The domain description we’re using today is informed by everthing we’ve learnt over the past five years of building proejcts. It’s also a consequence of how the Zooniverse has been functioning - we try lots of projects in lots of different research domains and so we need a domain model that’s flexible enough to support something like Notes from Nature, Planet Four and Snapshot Seregeti but not so generic that we can’t build rich user experiences.

We’ve also realised that the vast majority of what’s differenct about each project is the user experience and classification interface. We’re always likely to want to put significant effort into developing the best user experience possible and so having an API that abstracts lots of the complexity away and allows us to focus on what’s different about each project is a big win.

Our domain model has also been heavily influenced by the patterns that have emerged working with science teams. In the early years we spent a lot of time abstracting out each step of the User interaction with a Subject into distinct descriptive entities called Annotations. While in theory these were a more ‘complete’ description of what a User did, the science teams rarely used them and almost never in realtime operations.
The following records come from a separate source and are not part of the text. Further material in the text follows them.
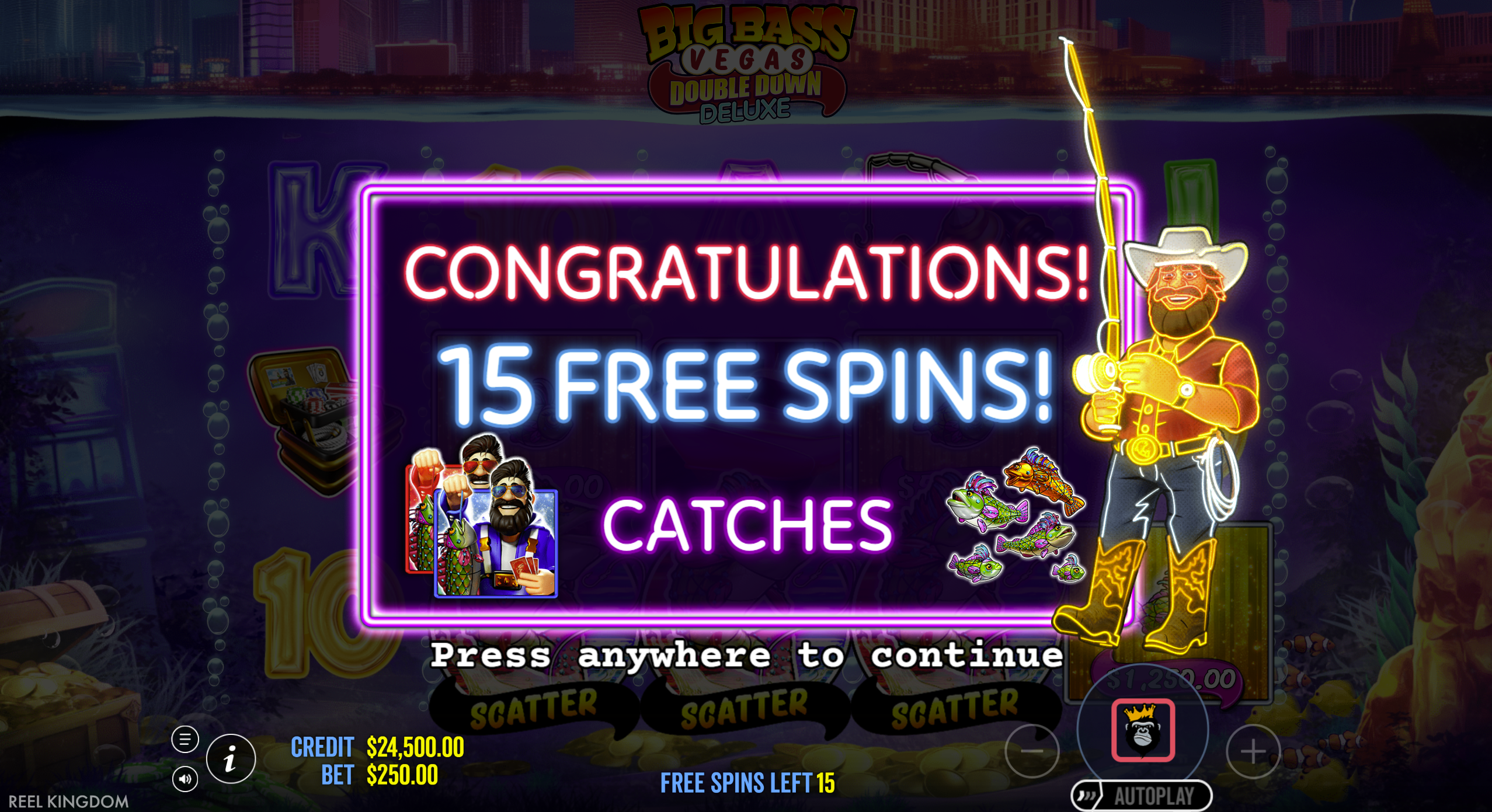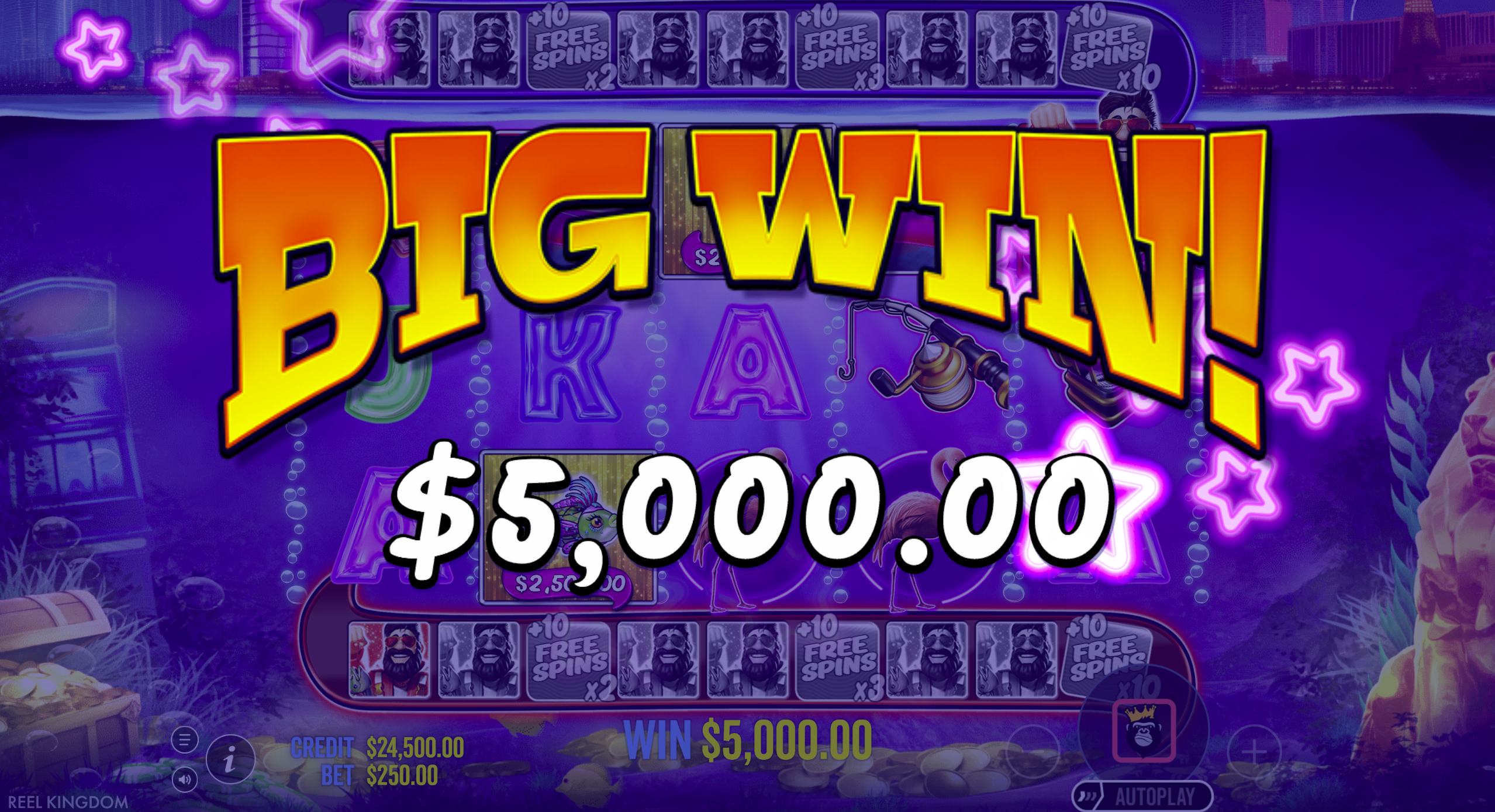 • Money Symbols (Fish with cash values): These can appear during both base game and free spins. In the bonus round, if a fisherman wild lands, it collects visible money values for cash prizes. :contentReference[oaicite:11]{index=11}
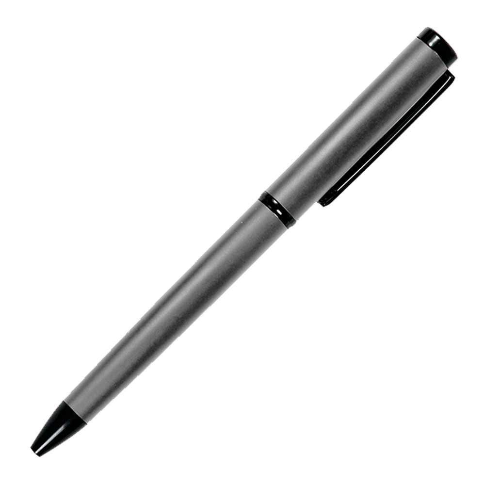 Bolígrafo twist tipo barrel de acero inoxidable, clip de acero y tinta negra alemana, rinde hasta 800 mts
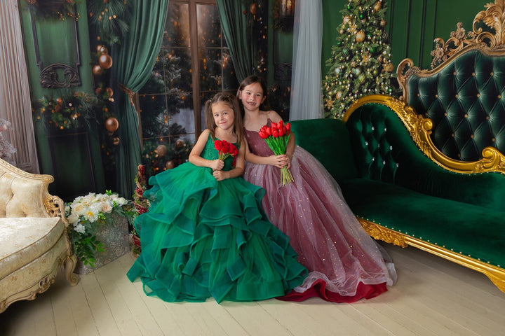 The 'Naomi' Gown: Made as a match (though not identical, they have different skirt styles) to the Natalia Gown... Both size 5's, these are a perfect TWIN set or BEST FRIEND set!!!
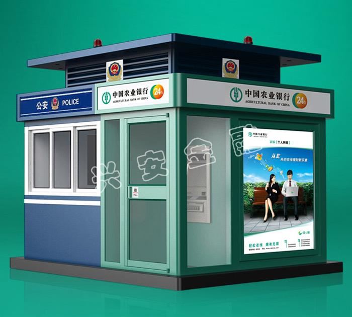 自助銀亭由五部分組成:加鈔區(qū)設備間、自助交易區(qū)、VI形象燈箱、底座、地基
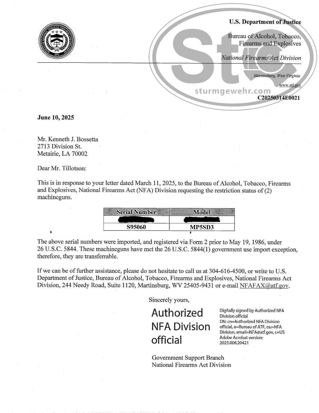 Kenneth Bossetta Posted June 19 Report Share Posted June 19 Fully Transferable MP5SD3 HK Factory Gun This gun has been owned since new by a very active major metropolitan SWAT team. It went from them to us. It’s killed more people than cancer and more dogs than PETA. It’s been well used but very well maintained and was issued until the day we picked it up. We opted not to recondition the gun as the patina tells a story and they are only original once. I’m not going to go over the factory stats because if you are in the market for this gun you know exactly what it is. The serial on the suppressor and gun match (obviously there is an S prefix on the gun). The ATF letter certifying this as a “flip” gun that went from being considered a pre-sample to fully transferable is also attached. For those of you who are not familiar with this, because these guns went straight from a bonded warehouse to a law enforcement agency prior to May 19, 1986, they are considered fully transferable. This gun is ready to transfer to your dealer on an efile F3 upon receipt and clearance of wire transfer (no ACH accepted). We will cover shipping cost anywhere in CONUS. The price is $100k. We are new to Sturm, but not the NFA market. Industry and customer references available upon request. Gun is available for inspection by appointment at our office. Live fire demo is also available by appointment. Our office number is 504-556-2000. The merely curious can call that. The serious buyers with cash in hand can call or text my cell at 504-717-3377. Link to comment Share on other sites More sharing options...
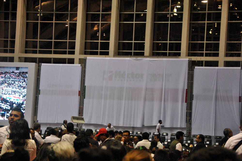 Un candidato que promete cambios aunque con un recorte significativo en el tiempo que duraría su administración, en un estado polémico, con un gobernador polémico, Héctor Yunes tiene que ser polémico, señalando que encarcelaría a los corruptos, que sacaría del gobierno a quien no sirva y en un acto donde lo que menos se ve es el logotipo del PRI.
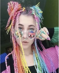 Les teintes arc‑en‑ciel joyeuses donnent du volume et du caractère à la coiffure. Idéales pour les festivals, les fêtes et les looks ludiques du quotidien.
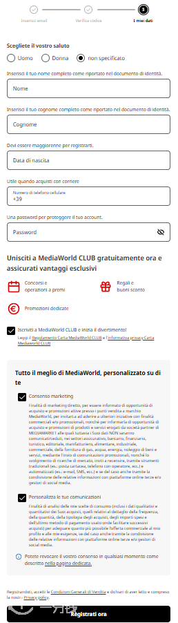 6.跳转进该页面,填写信息并勾选订阅,点击【Registrati ora】即可完成注册!
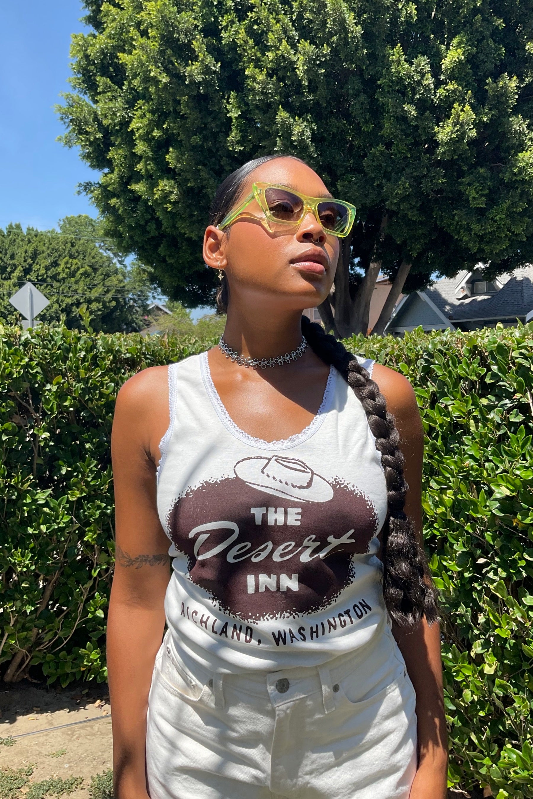 Features a woven filigree chain choker necklace. Finished with a lobster clasp closure and extender chain. Designed in Los Angeles.
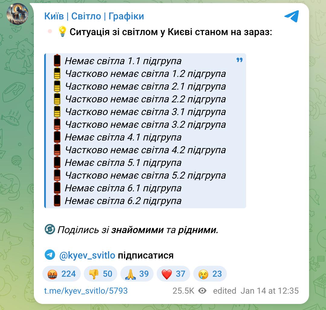 Между тем, как свидетельствуют данные столичных пабликов, отслеживающих ситуацию со светом, в Киеве наступил второй день блэкаута.

The vast majority of Zooniverse projects to date collect large numbers of Classifications that are write once, read very much later. Realising this has allowed us to worry less about exactly what we’re storing at a given time and focus on storing data structures that are a convenient for the scientists to work with.

Overall the Zooniverse domain model has been a big success. When designing for the Zooniverse we really were developing a new system unlike anything else we knew of. It’s terminology is pervasive in the collaboration and makes conversations much more focussed and efficient which can only be a good thing.